Tramp Art Radio Cabinet

Image of tramp art radio cabinet.
Brother, can you spare a dime?

In the winter of 1910-1911, a drifter named Charles Bosquet stopped at Julian Sprimont’s farmhouse in Will County and requested room and board for the winter. A deal was struck whereby Bosquet promised to create this large cabinet for Sprimont’s battery-operated radio in exchange for his stay. The two men went from tavern to tavern that winter collecting the wooden cigar boxes that Bosquet needed for his work.

This cabinet is part of a folk art tradition known as “tramp art,” which flourished between 1870 and 1930. Tramp art objects are typically made from wooden cigar boxes, which were carved with a penknife and then stacked and fastened with small nails or glue to create detailed, three-dimensional designs. This art form required few tools and little training to complete and was typically practiced by working class and itinerant men.
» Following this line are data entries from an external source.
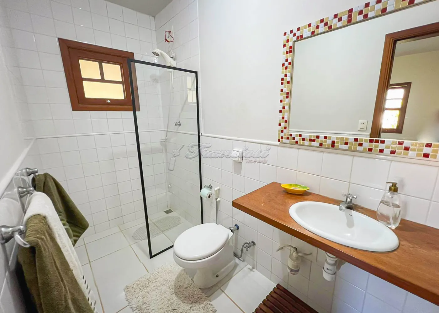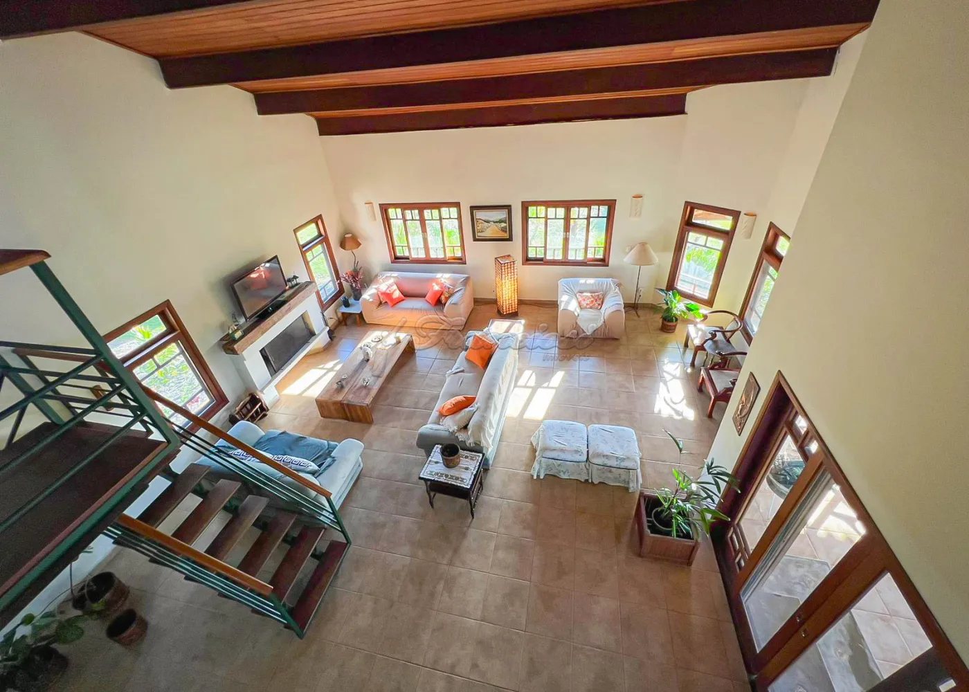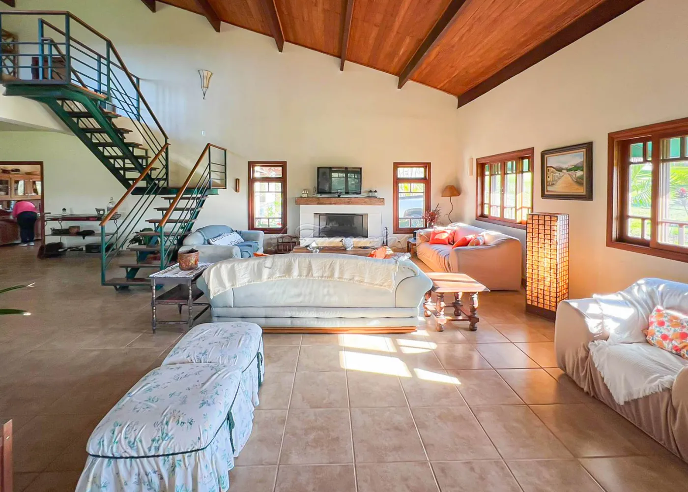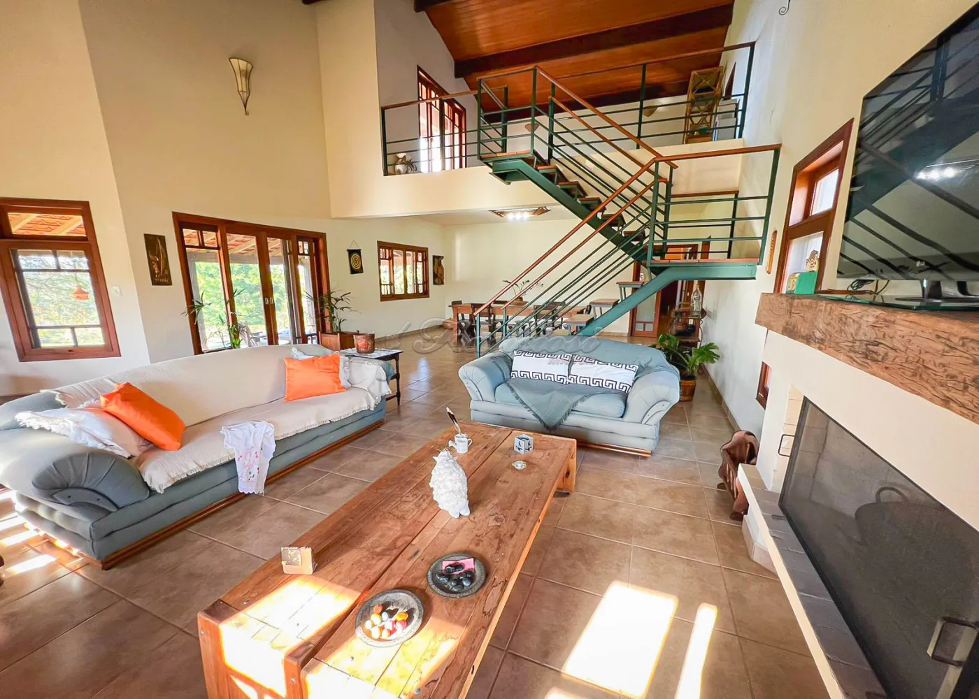 A casa sede possui aproximadamente 350 m², sendo totalmente mobiliada, com 4 banheiros, 4 dormitórios (5º opcional), 3 suítes, ampla sala de 80 m² com vários ambientes, mezanino e lareira, copa e cozinha integradas, além de 2 varandas ? social e gourmet ? e piscina.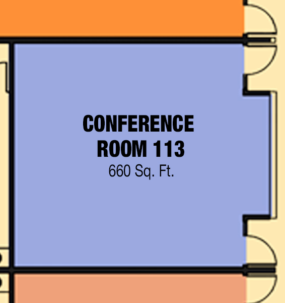 Thank you for your interest in Conference Room 113. We have designed and equipped this room to be the perfect venue for medium size meetings or gatherings up to 50 people.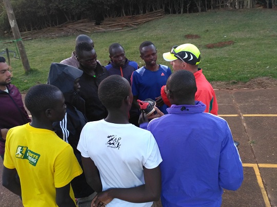 Meshack czekał na nas punktualnie pod szkołą. Miał jakiś pakunek, powiedział, że to prezent, dla yacoola. Ale go zaskoczył! Dał mu oryginalną kurtkę reprezentacji Kenii, model z ubiegłego sezonu. Yacool był zachwycony. Zwłaszcza, że od samego początku jak tu jesteśmy bezskutecznie staramy się dostać takie rzeczy i wiemy jak o nie trudno. Meshack nie chciał od nas kasy za kurtkę. Po chwili na swoim motorze przyjechał Ian. Jeszcze raz nas przeprosił, że nie zastaliśmy go wcześniej. Poszliśmy na boisko i zaczęliśmy trening. Wszystko od początku, koordynacja w statyce, marszu i truchcie. Meshack pokazywał razem ze mną, Ian próbował. Szybko łapał ćwiczenia i wyczuwał różnice między tymi, które robił do tej pory. Yacool uświadomił go, że to co mu pokazał Australijczyk, i co my widzieliśmy na ich ostatnim treningu, to nie były żadne australijskie techniki, tylko typowe ćwiczenia z etiopskich rozgrzewek, z którymi filmików jest w necie pełno. Zaskoczyło go to.

Charles Bosquet was part of a subculture of migratory laborers dubbed “hobos.” This subculture developed in America during the Second Industrial Revolution after the Civil War. As growing mechanization left unskilled laborers without jobs, unemployed men took to “riding the rails” in search of work. Although often vilified as vagrants and bums, hobos actually played a vital role in the rapid growth of the American economy, building railroads, bridges, roads, sewer systems, and taking on jobs no one else wanted to do.